А сейчас всё было по-другому. Я шёл домой, но уже не со школы, и в руках нёс не портфели, а забитые продуктами пакеты, да и девушка, которая шла рядом со мной, не была Наташей. Голова закружилась ещё сильнее,в глазах потемнело, звуки улицы стихли, и я почувствовал, как по всему моему телу медленно расползается странное чувство пустоты, словно из меня выжали всю жизнь, а потом, наполнив чем-то странно тёмным и тягучим, вернули на место мою пустую оболочку. Стоять на ногах стало невыносимо тяжело, колени согнулись сами по себе, а осознание, где я и что со мной происходит, полностью затерялось среди роя беспокойных мыслей, воспоминаний. Я отчаянно пытался открыть глаза, чтобы снова увидеть серое небо, жёлтые деревья и красный зонт девочки-хирурга, у которой я так и не спросил имя, но у меня ничего не выходило и всё что, я мог увидеть – лишь бесконечную пустоту, окружающую меня и захватывающую мой разум целиком и полностью. Последнее, что я почувствовал перед тем, как полностью потерять связь с миром – тёплые руки, обхватывающие меня сзади, не давая мне упасть.

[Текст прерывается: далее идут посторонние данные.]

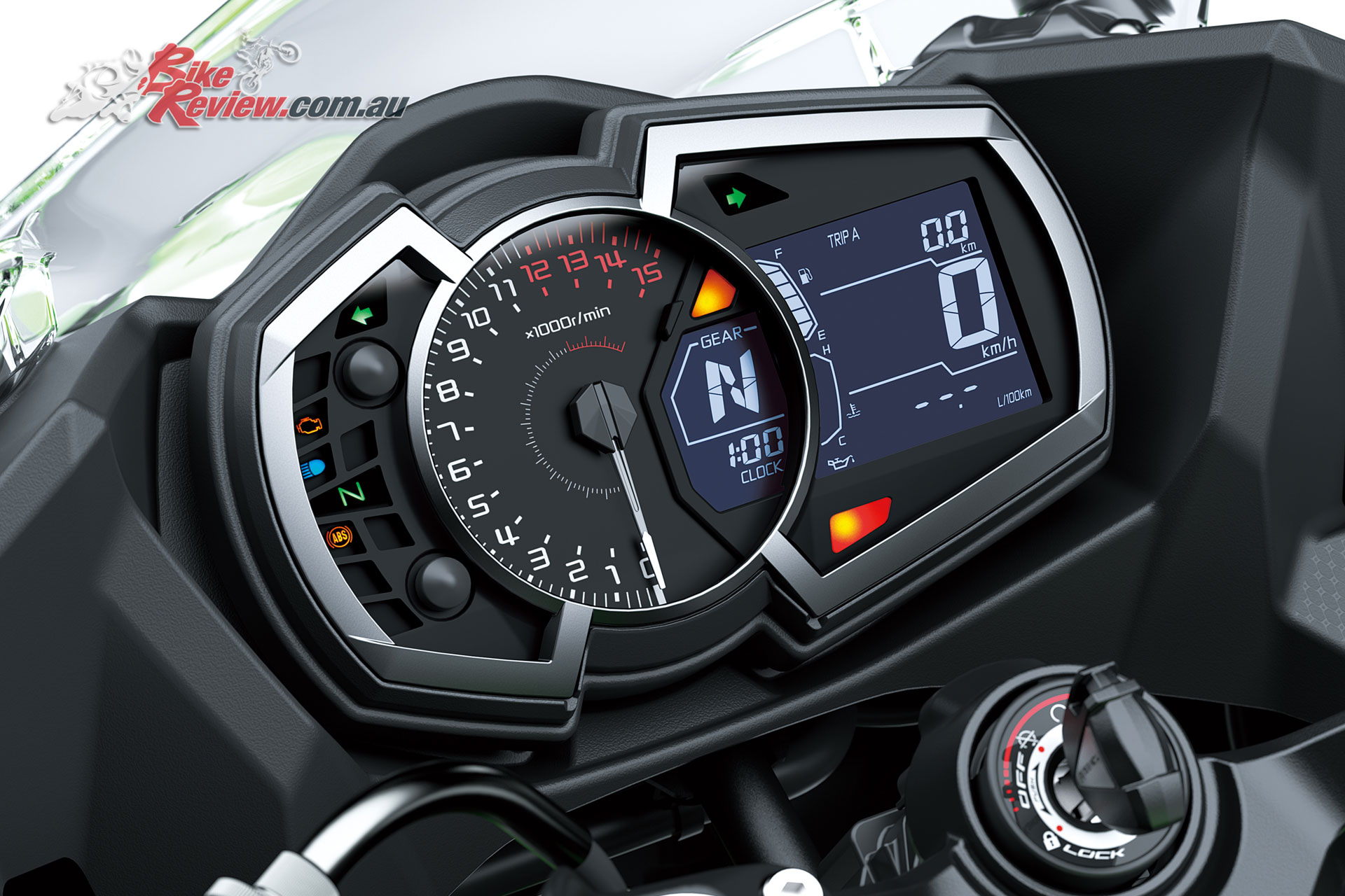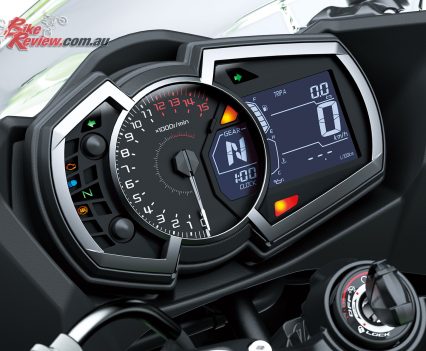 Instruments: Analogue tachometer, LCD speedometer, gear position indicator and multifunction display
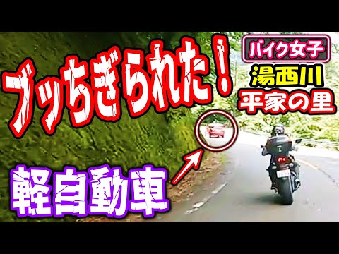 帰りに通った峠道に差し掛かった途端!それまでゆっくり走っていた軽自動車が、突如飛ばし始めた!必死に追いかけるバイク女子!結果はいかに!
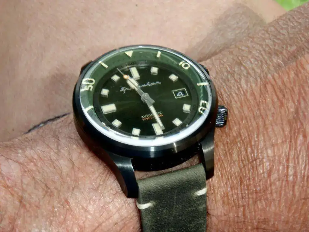 No encuentro nada similar a este verde oscuro "alga marina", en dial y bisel interior.
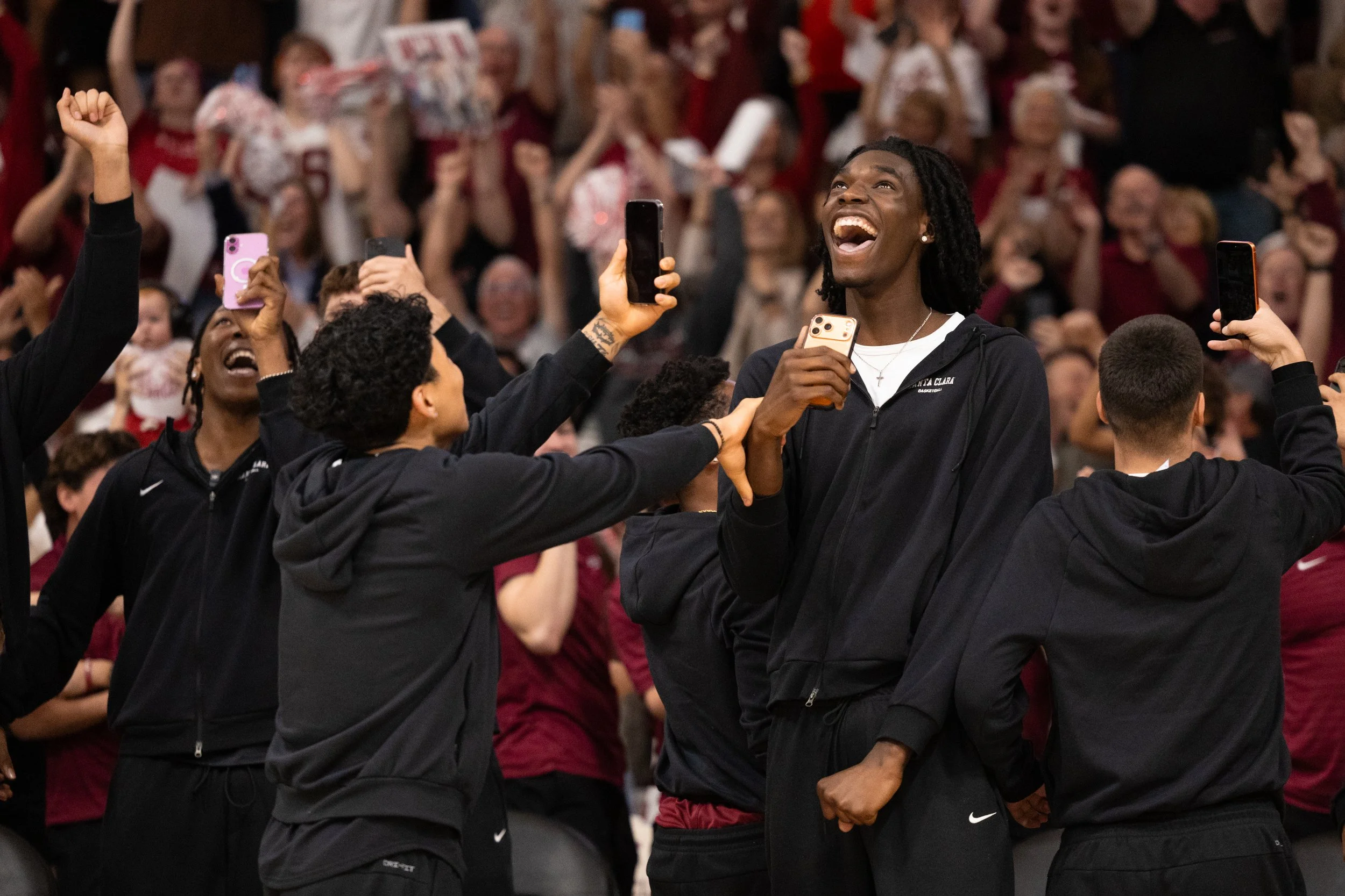 Bukky Oboye ’28 and the Santa Clara men’s basketball team react to hearing their team received an at-large bid to the 2026 NCAA Division I Men’s Basketball Tournament on March 15, 2026. (Nina Glick/The Santa Clara)
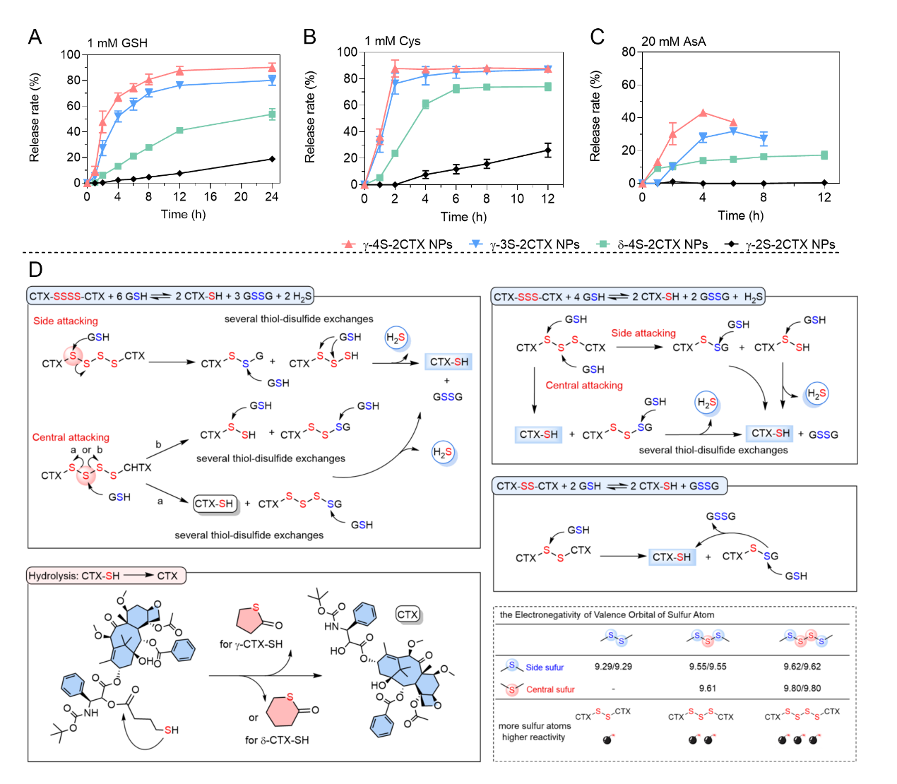 作者接着考察了前药自组装纳米粒的体外释放行为,结果如图3所示。γ-4S-2CTX NPs表现出超高还原反应性,对于多种还原物质(谷胱甘肽GSH、半胱氨酸Cys和抗坏血酸AsA)都具有良好的响应能力。与三硫键/二硫键相比,四硫键超高的还原反应性可归因于以下三点:(1)四硫键的硫原子都表现出较高的价轨道电负性,表明它们非常容易受到GSH的亲核攻击;(2)四硫键具有更多的硫原子,尤其是活性更高中心硫原子;(3)四硫键在还原反应过程中释放更多H2S,从热力学角度该反应更容易进行。
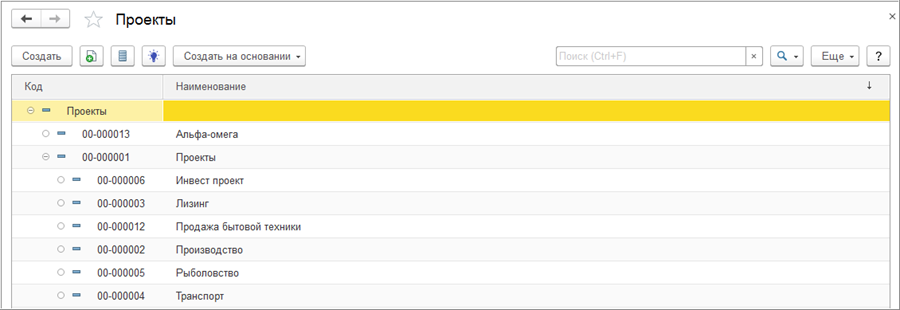 Примечание. В конфигурациях 1С: ERP и 1С: КА + БИТ.ФИНАНС используется справочник "Проекты" типовых конфигураций 1С: ERP и 1С: КА + БИТ.ФИНАНС.
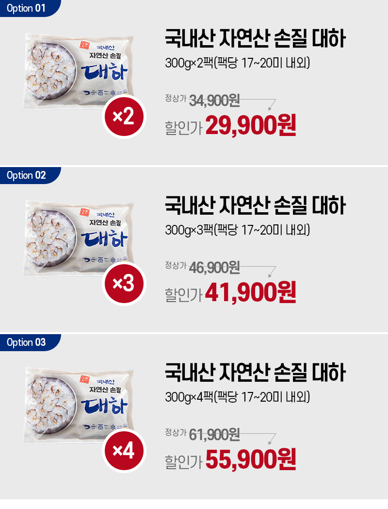 | 상품구성 | 국내산 자연산 손질 대하 300g×2팩,국내산 자연산 손질 대하 300g×3팩,국내산 자연산 손질 대하 300g×4팩 |
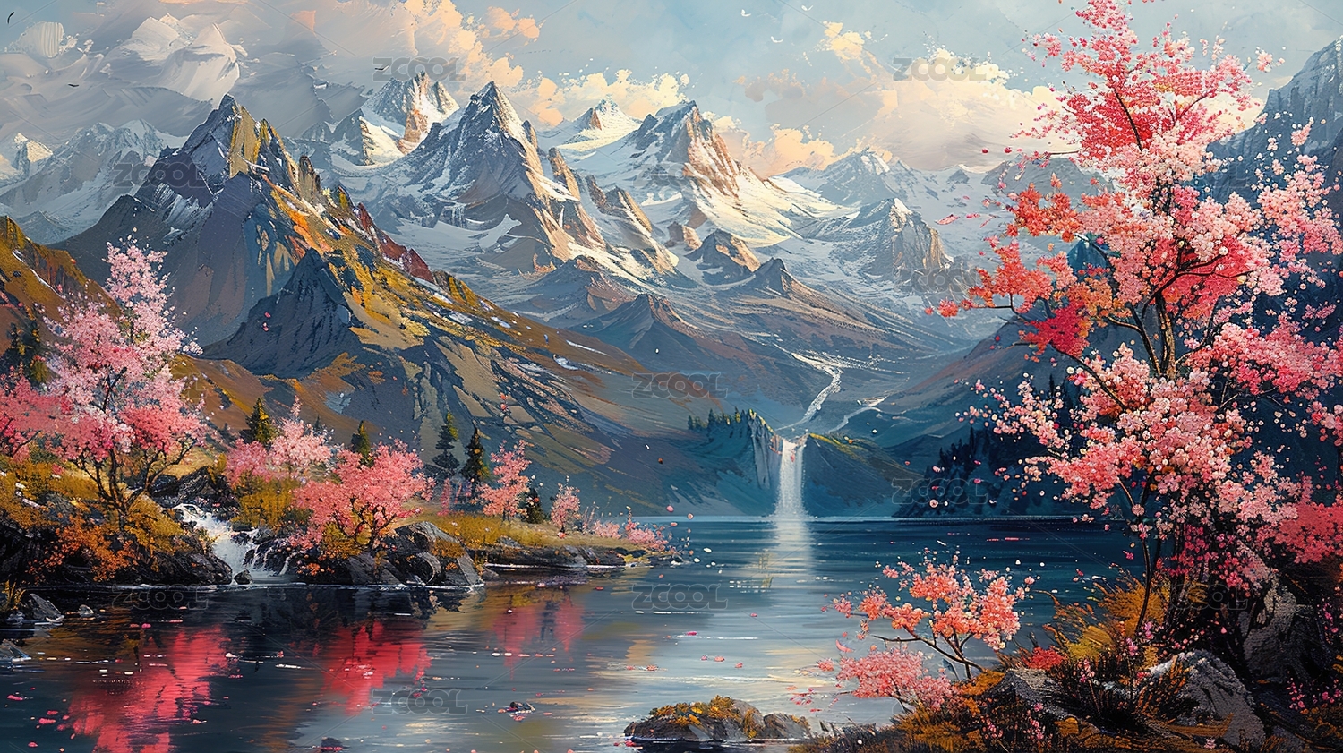 富士山樱花湖泊山水风景画
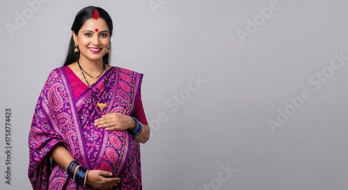 asian, indian, pregnant, woman, motherhood, pregnancy, saree, traditional, happy, smiling, expectant, baby, belly, joyful, culture, ethnic, asia, hindu, new, life, love, affection, hand, portrait, studio, purple, jewellery, bangle, earring, necklace, mother, family, anticipation, hope, future, wellness, healthy, care, elegant, vibrant, attire, beauty, growth, expecting, parenthood, womanhood, happiness

Холод, пустота, боль где-то в районе живота. Я не ел слишком долго? Всё тело ломило, казалось, будто из моих вен выкачали всю кровь. Я не слышал и не видел ничего, и всё, что сейчас существовало для меня – тошнота и мерзкое ощущение где-то в верхней части тела. Я уже не чувствовал тёплых рук девушки, холодного осеннего ветра, земли под ногами, не чувствовал ничего, словно кто-то выключил моё сознание, отключил все органы чувств, и оставил мою душу болтаться где-то внутри пустого, почти безжизненного тела. Перед глазами пролетели последние дни: тарелка овощного бульона, Алиса с зеркалом, старый телевизор, народный хор, Наташа… Моя самая светлая, но так и не сбывшаяся мечта. Помнит ли она сейчас, как в старшей школе мы хотели пожениться? Она тогда сказала, что на свадьбу наденет чёрное платье, ведь белые платья носят только дурочки вроде Иры с Соней. Почему же сейчас она изменила своё мнение? Почему теперь дирижирует хору стоя в белоснежном платье в пол? Что происходило в её жизни эти два года? И помнит ли она меня? Нет, вряд ли. Эта Наташа – Наташа из телевизора, не была той, кого я так отчаянно любил. Перед глазами возникла новая картина: стол, заваленный бумагой, почти сточенный карандаш, одинокая мигающая лампочка на потолке, шум дождя, головная боль, какие-то запутанные философские размышления – прошлая ночь, когда я, мучимый бессонницей, пошёл на кухню, и там, в полном одиночестве, предпринял первую попытку творить. Это не было чем-то великим, чем-то таким, каким я хотел бы это увидеть, но это уже был маленький шажок вперед – если сегодня я смог изобразить такие родные черты лица на бумаге, то стоит мне постараться, и я смогу сделать что-то, что не делал никто и никогда раньше.